TryEnterCriticalSection()does the following:Anyway the function never blocks. Compare it with
EnterCriticalSection()that falls through if no other thread has the critical section entered and blocks if such other thread exists.So the outcome of your code will depend on whether the critical section is entered by another thread at the moment the function is called. Don't forget to call
LeaveCriticalSection()for each time whenTryEnterCriticalSection()returns nonzero (succeeds).So yes, your code is written with right assumptions.
你猜对了。
TryEnterCriticalSection()被调用一次,并且仅尝试进入临界区一次。如果临界区被锁定,则检查后返回false。一般来说,如果函数返回布尔值或 int,则 if/else 子句的行为如下:
You guessed right.
TryEnterCriticalSection()is called once, and tries to enter the critical section only once.
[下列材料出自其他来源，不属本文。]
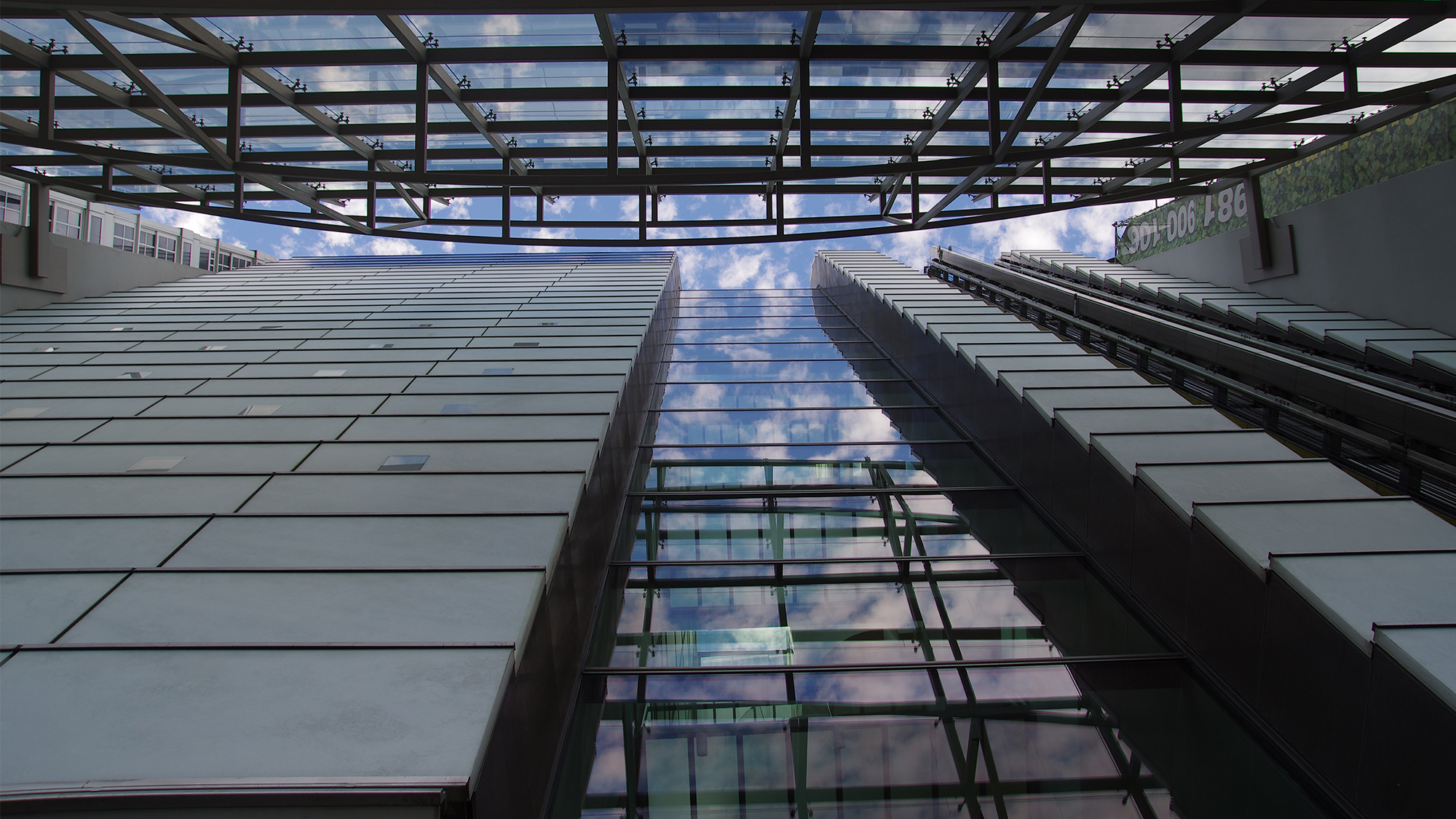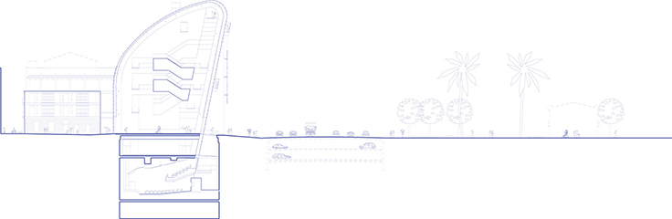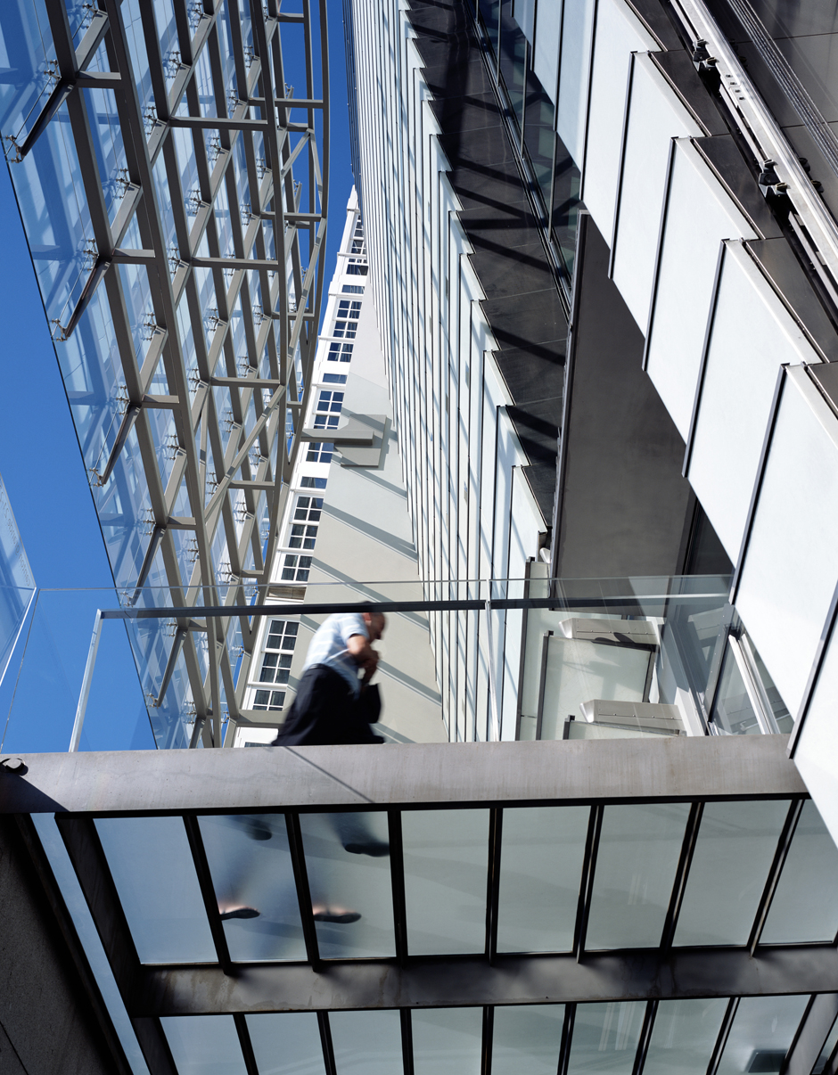 AE interests: responds sensitively to site, glass paneling, marble interlayer, lighting

If the critical section is locked, it returns false after the check.In general, if a function returns a boolean or an int, the if/else clauses behaves like following:
是的,您的代码是正确的。
有关详细信息,请参阅 MSDN。
Yes, your code is correct.
See more on MSDN.
如果您的临界区太小,则必须在循环中尝试此
TryEnterCriticalSection,因为这样它将获取更少的时钟周期来进入临界区并离开该临界区。If your critical section is too small, than you must try this
TryEnterCriticalSectionin a loop because it will then acquire less clock cycles to enter critical section and leave that critical section.